Юрий Калещук - Непрочитанные письма

На нашем сайте KnigaRead.com Вы можете абсолютно бесплатно читать книгу онлайн Юрий Калещук, "Непрочитанные письма" бесплатно, без регистрации.
Перейти на страницу:

Но «собачка» не закрывается. Она встает на дыбы, беснуется, показывает язык, злобно урчит, жалобно взвизгивает, никак не желая смиренно улечься в пазы и замкнуть элеватор. Петро терпеливо ждет, потом кладет свою руку на мою — назад, вверх, вперед, щелк!

— Нормально.

Грохочут дизели, таль-блок тащит инструмент наверх, обнажая дымящиеся бока очередной свечи, по которой стекает раствор. «Лей!» — говорит Гриша, и я хватаю шланг, струя бьет по трубе, смывая глину, верхонки сразу же промокают, вода хлюпает под ногами, хлюпает в сапогах; «чах-чах-чах-чах!» — сипло бормочет автоматический ключ, раскрепляя свечи; Петро толкает на муфту разрезанный вдоль железный бочонок, который игриво зовут «юбкой». Где-то была щеколда — где? где? где? — я же помню, как «юбка» запахивалась на лету, едва коснувшись трубы.

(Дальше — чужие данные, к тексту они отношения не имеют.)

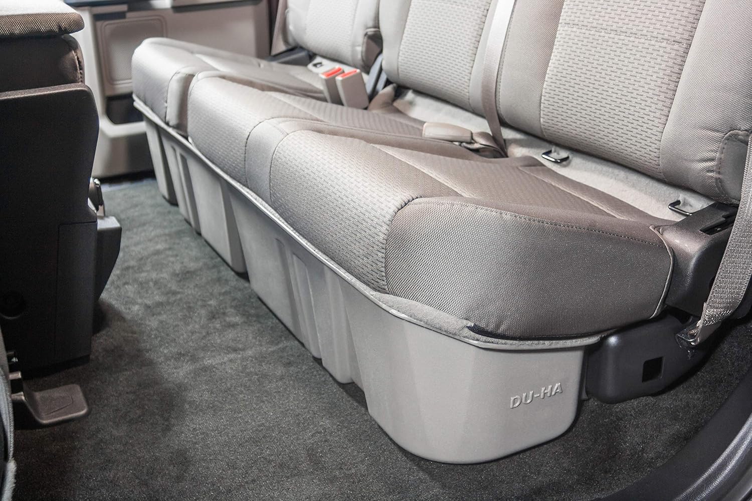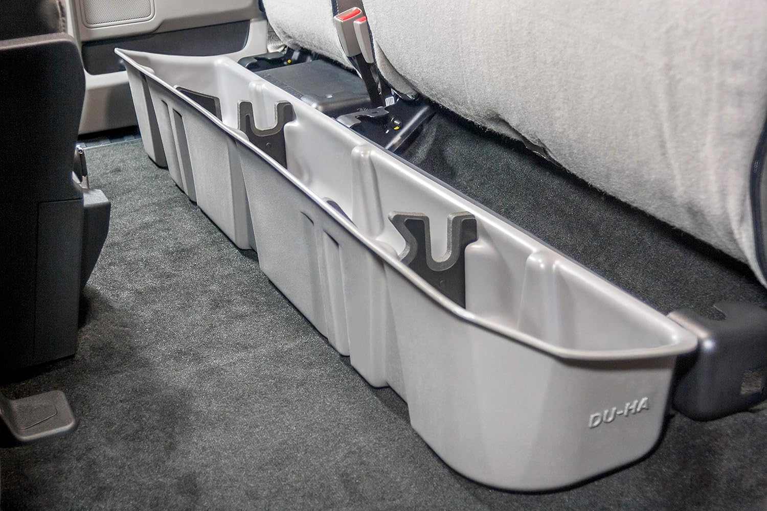 Whether you're a contractor, sports enthusiast, or anyone who values organized and secure storage, the DU-HA Underseat Storage System is the ultimate underseat truck storage solution for seamless truck storage integration. This innovative truck storage system maximizes space, enhances organization, and keeps your valuables, tools, and gear safe and secure. Proudly roto-molded and Made in the USA, the DU-HA Underseat Storage System comes with a lifetime warranty, reflecting the manufacturer's confidence in its quality and durability. The DU-HA Underseat Storage System features a durable, heavy-duty roto-molded construction which doesn’t allow for flexing and bending. It also includes an easily removable two-piece rack/organizer. You can also remove the dividers to store larger items. The DU-HA Underseat Storage System seamlessly integrates into your truck's interior, providing a factory-like appearance. It's make/model-specific fit guarantees optimal use of available space without taking up legroom. Elevate the organization and security of your truck's interior with this reliable and purpose-built underseat storage system.
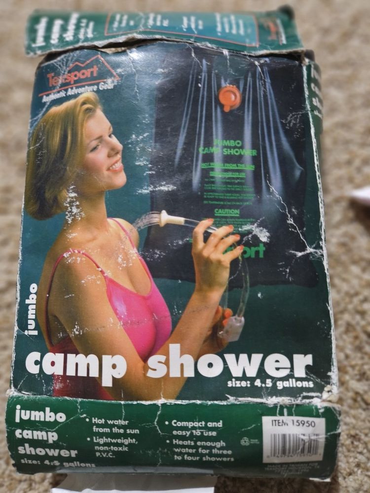 Coleman hanging camp shower. Origanal well used box but item was never used.
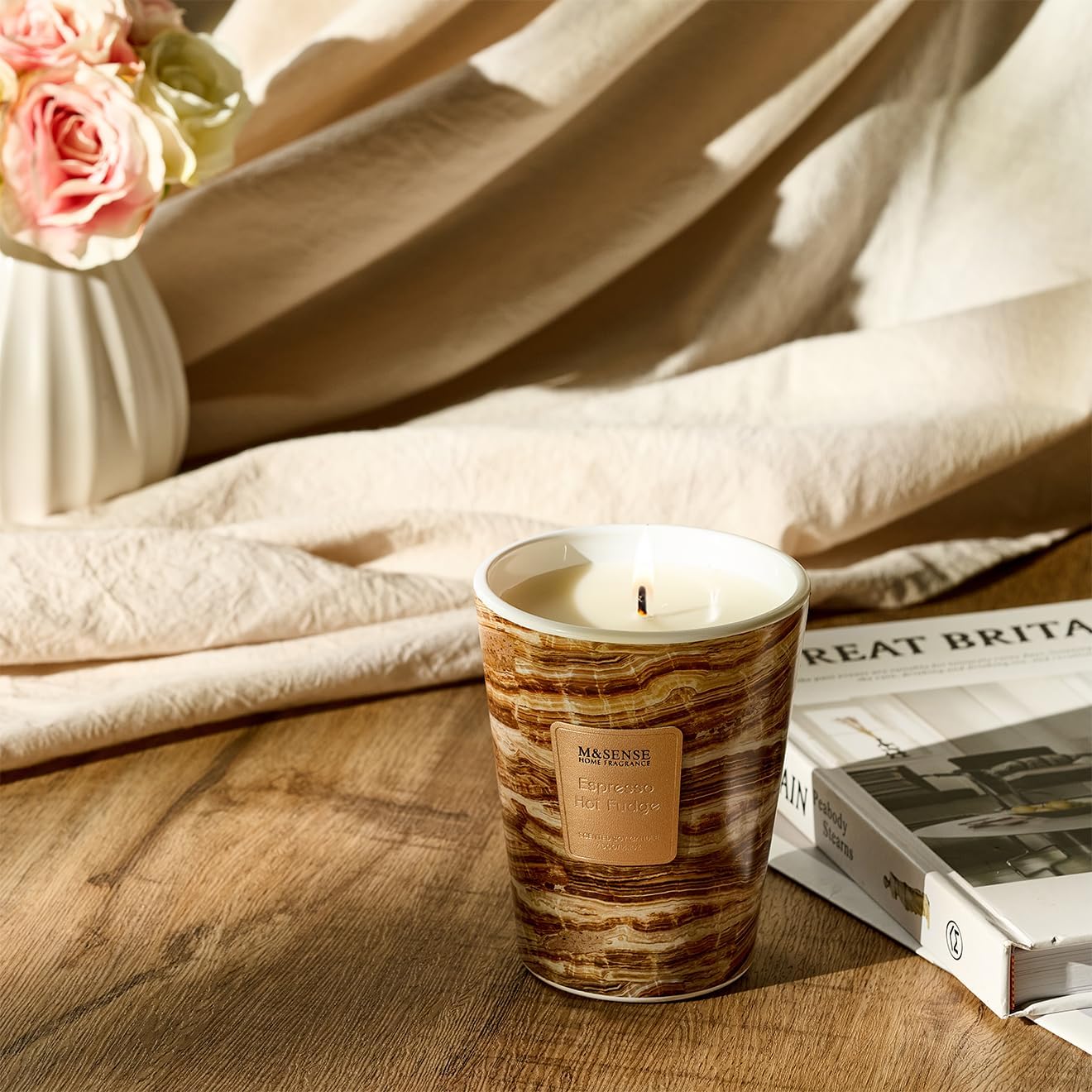 M&SENSE EspressHotFudge Scented Candles for Home, Lead-Free Wick Highly Scented Jar Candles, 14.1 Oz 80 Hours Lasting Burning Candles Gifts for Women, Relaxing Aromatherapy Candle for Stress Relief
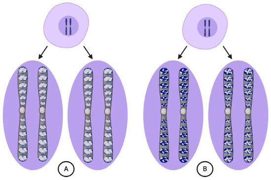 According to Weismann, cells can undergo either ordinary (A) or embryogenic divisions (B). (A) Ordinary divisions produce daughter cells with chromosomes bearing vital unit composition identical to the parental cell and maintain the germ plasm intact from the zygote through mature germ cells. (B) Embryogenic divisions produce daughter cells with chromosomes that bear different determinants in their ids depending upon their destined cell lineage.
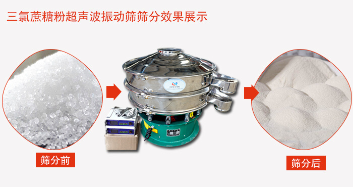 三氯蔗糖粉超聲波振動(dòng)篩:由于三氯蔗糖粉屬于食品類(lèi)的一種并且伴有一定的糖粉所以,應(yīng)該選擇不銹鋼材質(zhì)的超聲波振動(dòng)篩進(jìn)行篩分。
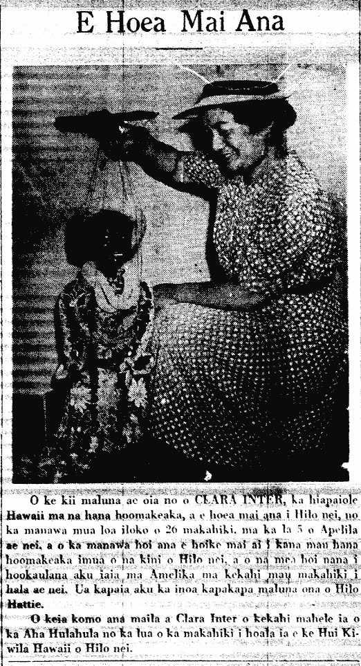 The picture above is of CLARA INTER, the Hawaiian champion of comedy, and she is coming to Hilo nei, for the first time in 26 years, on the 5th of this coming April; and this is when she will be showing her humor before the people of Hilo, and what she was made famous for in America some years ago. She is nicknamed Hilo Hattie.
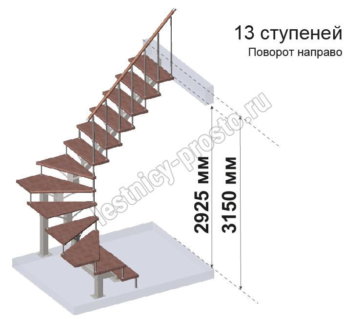 Комплект ограждений для П-образной лестницы MONO h315 из 13 ступеней.
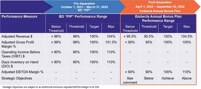 | (3) | Includes 42,423 shares issuable under the GSIP. It also includes 15 Embecta shares held under the DCP and 1,952 Embecta shares held under the DDP, resulting from the transfer of the balances of the corresponding BD plans, but no new shares can be credited to participants in these plans, and no shares are paid out to participants. |
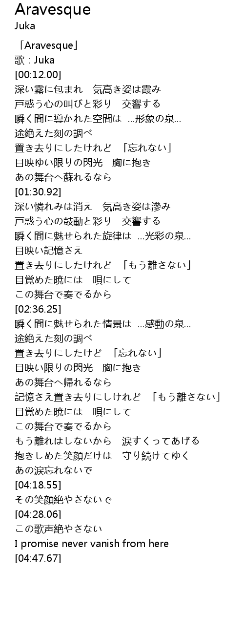 | [00:00.00] | 「Aravesque」 |
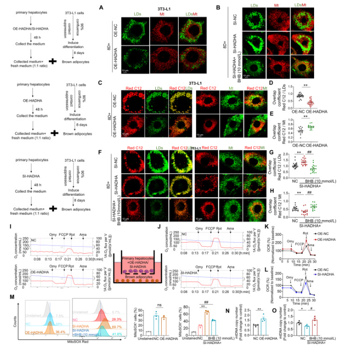 (A)在HADHA对原级肝细胞的过度表达后,收集其培养基,并与从3T3-L1细胞诱导的成熟棕色脂肪细胞共培养48小时。成熟棕色脂肪细胞的线粒体通过Mitotracker红色染色和脂滴通过BODIPY染色可视化。每组中 n = 13。(b)在HADHA敲低原级肝细胞后,收集其培养基,并与3T3-L1细胞诱导的成熟棕色脂肪细胞共培养48小时。成熟棕色脂肪细胞的线粒体通过Mitotracker红染色和脂滴通过BODIPY染色可见。每组中 n = 20。(C–E)在原级肝细胞中HADHA过度表达后,其培养基被收集并与3T3-L1细胞诱导的成熟棕色脂肪细胞共培养,C12检测到棕色脂肪细胞FA,线粒体用Mitotracker Green染色,脂滴用BODIPY染色。FA定位于线粒体或FA定位于LDs的统计数据。
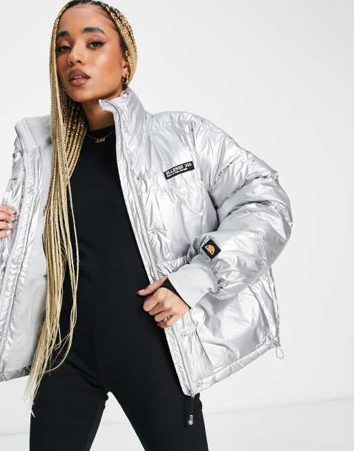 ellesse - Sølvfarvet metallisk dynejakke med logo
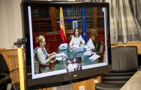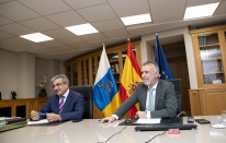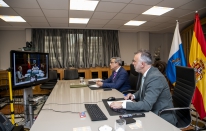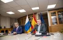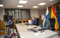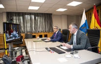 COVID-19.- El presidente de Canarias, Ángel Víctor Torres, junto al vicepresidente y consejero de Hacienda, Presupuestos y Asuntos Europeos, Román Rodríguez, mantiene una reunión telemática con la ministra de Hacienda, María Jesús Montero (12 fotos).

Где же щеколда? где? Под «юбкой» бурлит раствор, бьет в щели, и желтые струи, острые, как спицы, настигают повсюду. Вроде удалось... Теперь надо взять крючок и поставить свечу на подсвечник. Да что она, живая, что ли?! Свеча болтает меня над ротором, нет, лучше бы она была резиновая или ватная — пожалуй, лучше ватная. Петро коротко говорит: «Пусти!» — и подталкивает свечу еле заметным движением кисти, и вот уже свеча стоит как вкопанная на своем месте, в батарее других — все так просто, только от лихого стереотипа «как-же-это-я-и-не-смогу?» остается лишь потная растерзанная оболочка, а от инструкций, воспоминаний, сомнений и скоротечных книжных познаний — слипшийся бумажный комок, плотно заполнивший подчерепное пространство.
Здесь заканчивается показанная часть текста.